Integrate the Circumference of an Ellipse to Find the Area For a circle of radius R, one can find the area by integrating the circumference equation in the interval $(0, R)$,
$$\text{Area} = \int^R_0 2\pi r\ dr = \pi R^2$$
My intuition for this is that we're doing a continuous sum over all circles with radius in the range $(0, R)$, this family of circles fills up the whole space and gives us the area.
Is there a way to do this for an ellipse?

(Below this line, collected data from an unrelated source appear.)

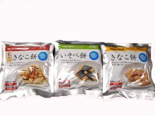 非常食 もどし水入り きなこ餅・いそべ餅・黒みつきなこ餅(3点) どこでもすぐに美味しい、餅がいただけます。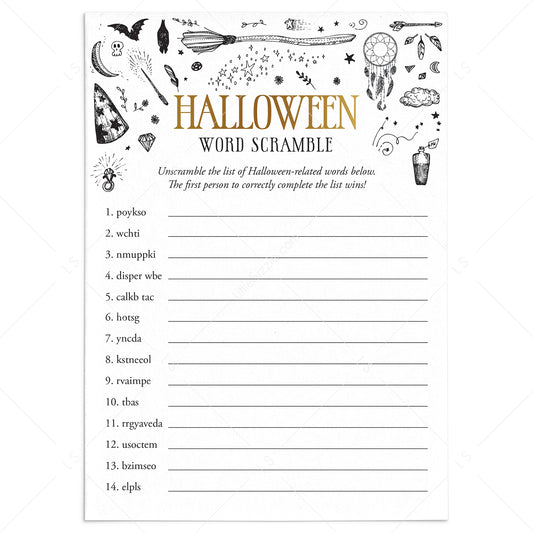 Word scrambles are so much fun! They are a great challenging activity that kids and adults can both enjoy. Add some fun to your Halloween party with this printable Halloween Word Scramble game featuring 14 spooky and scary Halloween themed words to unscramble. The vintage theme black and gold design...- $3.99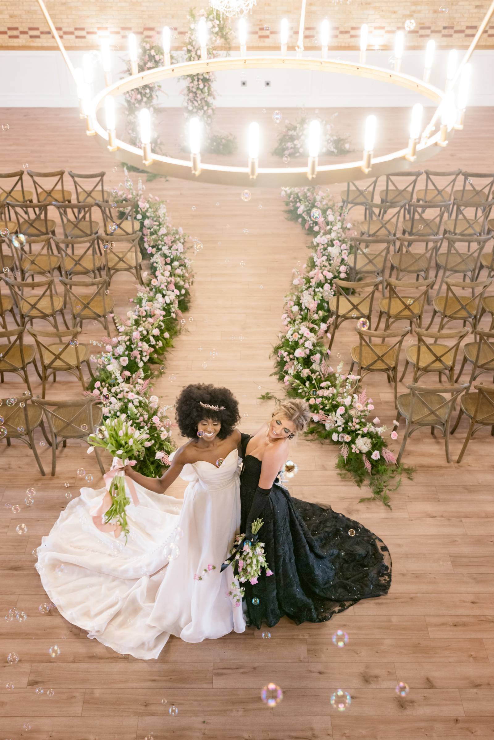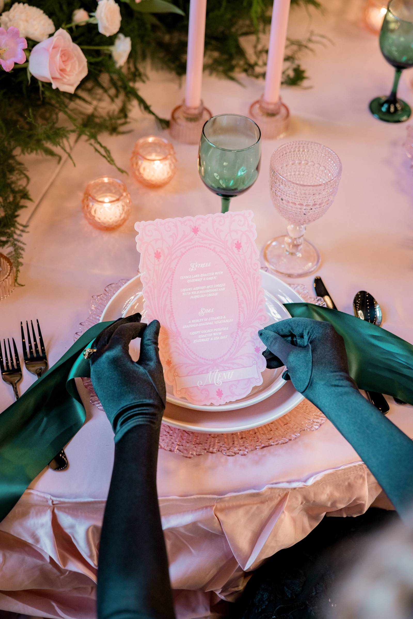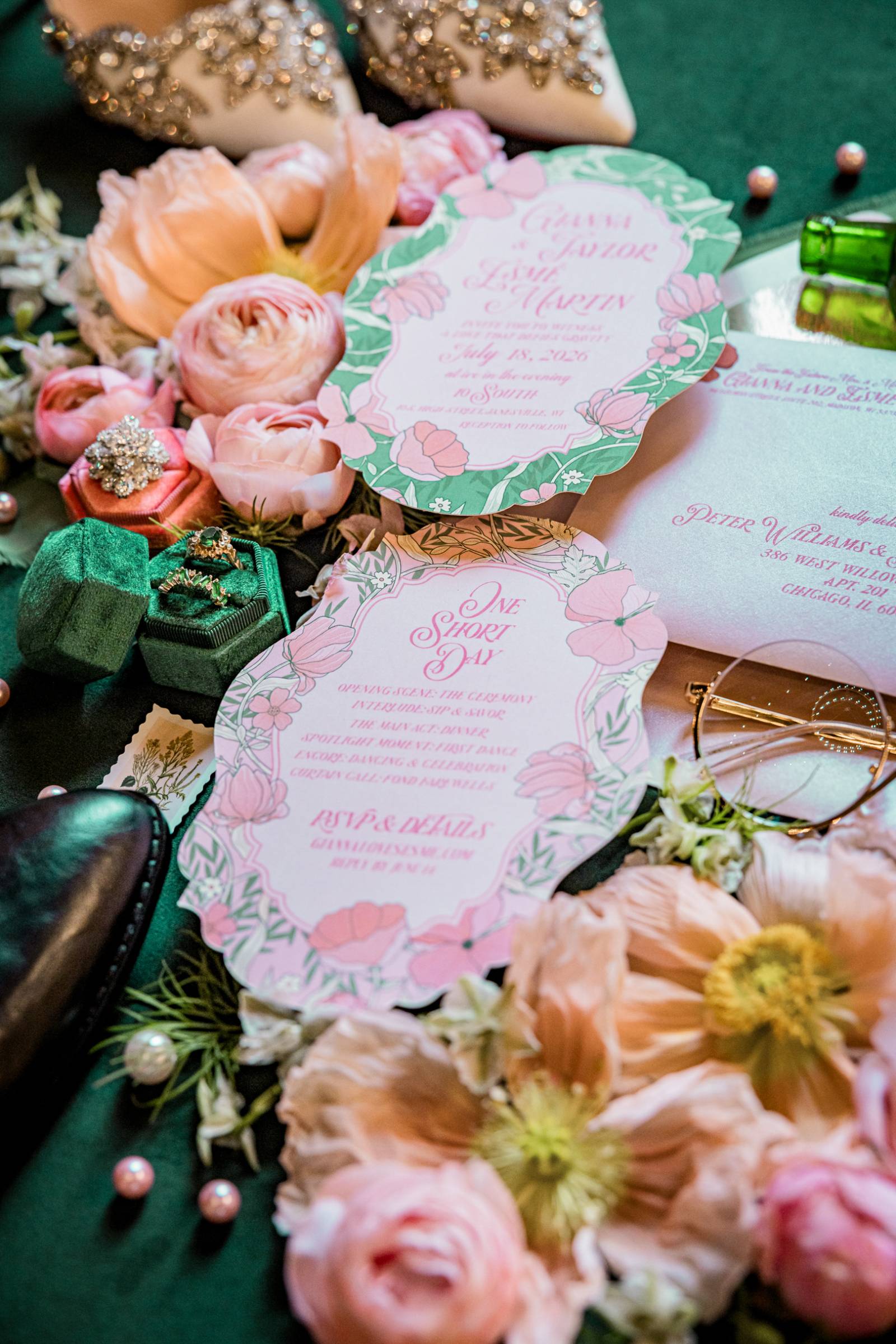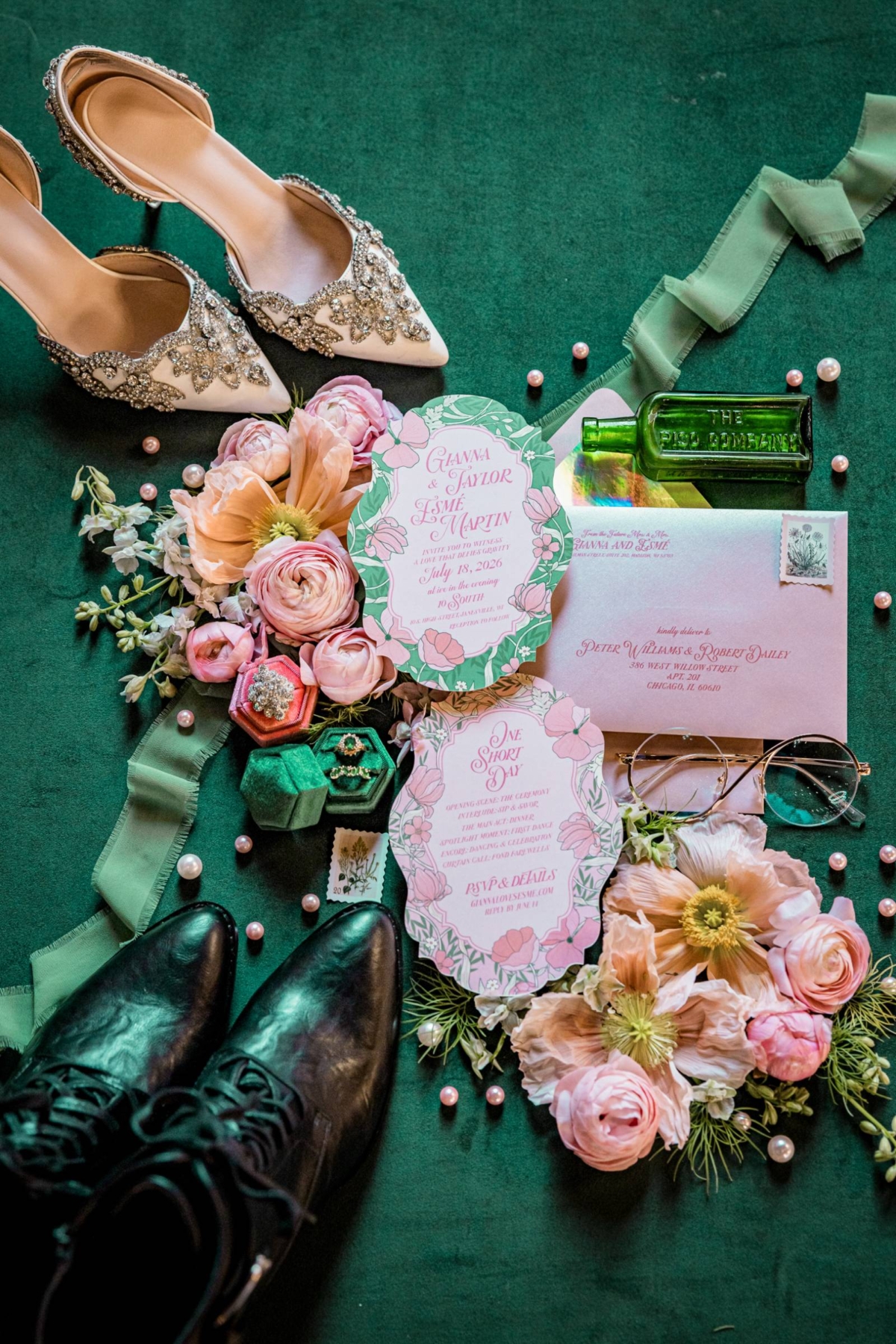 Vivacious. Modern. And completely enchanting. This Wicked-inspired styled shoot takes a playful nod from Broadway, transforming into a wedding design that's colorful, creative, and spell-binding. Set against the historic warmth of 10 South Venue, the shoot pairs layered paper details, lush floral moments, and dreamy fashion with a palette of softened greens and pinks for a romantic take on a beloved story. Designed with magic in every detail, it's a must-see for couples wanting something artful and cinematic.
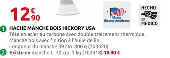 Hache manche bois hickory usa

The circumference of an ellipse with semi-major $a$ and semi-minor $b$ is:
$$\text{Circumference} = 4\int^{\pi/2}_0 \sqrt{a^2 \cos^2(\theta) + b^2\sin^2(\theta)}\ d\theta$$
I tried to consider an ellipse with semi-major axis $A$ and semi-minor $B$ and a family of ellipses with semi-major $At$ and semi-minor $Bt$ such that we can scale the ellipse by a factor $t$.
I then considered that the collection of ellipses we need to "fill" our area are those where $t$ is in the interval $(0,1)$. Considering this, I tried integrating over this interval:
$$\text{Area} \stackrel{?}{=} 4\int^1_0\int^{\pi/2}_0 \sqrt{A^2t^2 \cos^2(\theta) + B^2t^2\sin^2(\theta)}\ d\theta\ dt$$
I'm pretty sure this isn't correct though (the area of the ellipse should be $\pi AB$).
I think I sort-of understand why it doesn't work. When you scale a circle, the space between any point before and after the scale is the same for all points. Ellipses don't do that, which I think is why my "filling" intuition here needs something extra.
My differential geometry is a bit rusty but I feel like there should be a way to make this work by using the correct element for integration. I'm just not sure how to get there.
 A: Observe that an ellipse, with minor axis $a$ and major axis $b$, can be view as the part of the plane $z=y\tan\beta $ inside the cylinder $x^2+y^2=a^2$, where $\beta$ is the angle it forms with the $xy$-plane, satisfying $\cos\beta = a/b$. 
Now, we could consider that the ellipse is made up from lots of ellipse rings that, when projected onto the $xy$-plane, become corresponding circles. Those circles can then be integrated easily.
The surface integral for the ellipse is then given by
$$ S=\int_0^a \int_0^{2\pi} f(r,\theta) rdr d\theta$$
where the projection, or the scaling, factor is actually fairly simple,
$$ f(r,\theta)=\sqrt{1+\left(z_y^{’}\right)^2}=\sec\beta= \frac{b}{a}$$
The area of the ellipse becomes
$$ S=\int_0^a \frac{2\pi b}{a}rdr \tag{1}$$
As seen, the area of the ellipse rings that fill up the whole ellipse is scaled as $2\pi r(b/a)$. This may also be viewed equivalently as the ‘circumference’ of each ellipse ring.
As expected, the surface integral (1) yields
$$S=\pi ab$$
A: You can use the map
$$g:\quad(t,\theta)\mapsto\left\{\eqalign{x&=a\, t\cos\theta \cr y&= b\, t\sin\theta\cr}\right.\qquad(0\leq t\leq 1, \ 0\leq\theta\leq 2\pi)$$
as parametrization of the elliptical disc $E$. For constant $t$ you obtain smaller ellipses embedded in $E$, and for constant $\theta$ you obtain rays from $(0,0)$ to the given boundary ellipse. In order to compute the area of $E$ you need the Jacobian 
$$J_g(t,\theta)=\det\left[\matrix{x_t&x_\theta\cr y_t&y_\theta\cr}\right]= ab\, t$$ 
and then obtain
$${\rm area}(E)=\int_E 1\>{\rm d}(x,y)=\int_{\hat E}1\>\bigl|J_g(t,\theta)\bigr|\>{\rm d}(t,\theta)=\int_0^{2\pi}\int_0^1 ab\>t\>dt\>d\theta=\pi a b\ .$$